Cache the question, not just the bytes
Your embedding API answers the same query a thousand times a day. Three caches cut LLM cost and latency — and one of them can hand back a confidently wrong answer.
The dashboard didn’t look alarming at first. Just a tidy table of API calls, timestamped, grouped by endpoint. But when the team on the observability side sorted by frequency instead of time, something ugly came into focus: the top fifty queries to their embedding service were identical strings, repeating in thousand-round cycles across the day. “What are your business hours?” “How do I reset my password?” “Where is my order?” The same ten questions, over and over, each one triggering a paid round-trip to the embedding API, each one returning the exact same 1,536-dimensional float array it returned the time before — and the time before that. Nothing was being learned. Nothing was changing. Money was simply leaving the account.
That’s where most teams discover they have a caching problem. Not in architecture review, not in a post-mortem. In a billing alert.
Cache One: Exact Match
The most underappreciated fact about embedding models is that they are deterministic for a fixed input and model version. Feed the same text into text-embedding-3-small today and tomorrow, and you get back bit-identical output. There is no temperature, no sampling, no stochastic component. The model is a pure function.
That makes exact-match caching almost embarrassingly easy. Hash the concatenation of the input text and the model identifier — something like SHA256(model_id + "|" + text) — store the resulting vector in Redis with that hash as the key, and serve it on the next identical request without ever touching the API. Hit rate alone determines ROI. For the support-bot case above, a hit rate above 80% is common within the first week of production traffic; repeated navigational queries dominate real usage.
The same logic applies to LLM completions when the prompt is fully deterministic — temperature zero, no sampling, no injected randomness. If you’re running classification pipelines, intent detection, or routing layers where the prompt template is fixed and the user input is bounded, you can cache the entire response. The key is that your cache entry is only as fresh as your prompt template: the moment you touch the template, the old cache entries are stale. We’ll come back to that.
Cache Two: Semantic Match
Real users don’t type the same string twice. They paraphrase, abbreviate, add typos, use synonyms. “Reset my password” and “how do I change my password?” and “forgot password help” are semantically equivalent — any of them should route to the same cached answer. Exact hashing misses all of them.

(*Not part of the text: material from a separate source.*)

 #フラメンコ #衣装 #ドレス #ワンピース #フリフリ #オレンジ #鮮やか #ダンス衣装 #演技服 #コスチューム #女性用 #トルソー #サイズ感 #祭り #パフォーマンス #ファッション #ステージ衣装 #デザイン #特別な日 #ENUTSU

Semantic caching handles this by embedding the incoming query, then doing a nearest-neighbor lookup against the set of already-cached queries. If the top hit has a cosine similarity above some threshold, you return the stored answer for that cached query instead of generating a new one. The incoming query gets added to the cache regardless, so the index grows organically.

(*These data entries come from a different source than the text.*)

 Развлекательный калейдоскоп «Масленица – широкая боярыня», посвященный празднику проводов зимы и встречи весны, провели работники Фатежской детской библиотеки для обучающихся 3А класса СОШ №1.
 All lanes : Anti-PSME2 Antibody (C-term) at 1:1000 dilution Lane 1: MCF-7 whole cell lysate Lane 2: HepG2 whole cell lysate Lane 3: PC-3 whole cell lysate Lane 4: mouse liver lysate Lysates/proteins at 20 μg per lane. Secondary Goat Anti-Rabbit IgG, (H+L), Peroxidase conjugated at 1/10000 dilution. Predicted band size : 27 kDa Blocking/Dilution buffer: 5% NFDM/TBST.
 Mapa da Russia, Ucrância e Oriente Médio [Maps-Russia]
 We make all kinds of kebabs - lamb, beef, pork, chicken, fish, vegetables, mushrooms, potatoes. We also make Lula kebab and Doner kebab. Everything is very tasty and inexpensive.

The diagram below sketches both flows side by side:
Semantic caching is seductive because it surfaces a genuinely higher hit rate. The trap is the threshold.

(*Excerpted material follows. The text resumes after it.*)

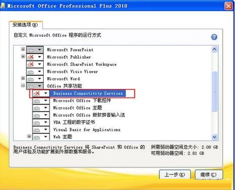 2、然后再次安裝的時候,選擇“自定義安裝”中的“office 共享功能”,將"business connectivity services"設(shè)置為不可用,點擊“繼續(xù)”。
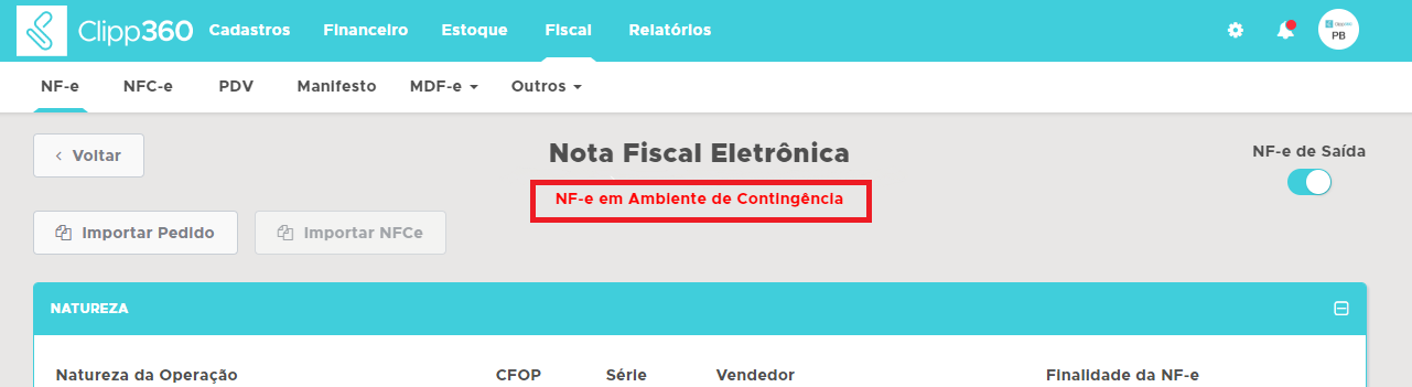 Após isso basta clicar em e abrir o módulo Fiscal - NF-e e emitir a nota em contingência. Ao Abrir a nota, você verá a informação que está ativo a emissão em contingência.

The correction isn’t subtle: keep the threshold conservative. In practice, cosine > 0.95 is a reasonable starting point for short factual queries. Domain scoping matters too — a cache built on product documentation queries shouldn’t serve hits to billing queries even if the sentences happen to be similar. Namespace your cache by domain, and scope semantic similarity checks within that namespace. If your product serves multiple customers, scope caches by tenant, not by query alone.
Cache Three: Provider-Side Prompt Caching
The first two caches live in your infrastructure. This one lives in the provider’s inference cluster, and the mechanics are different enough to deserve separate treatment.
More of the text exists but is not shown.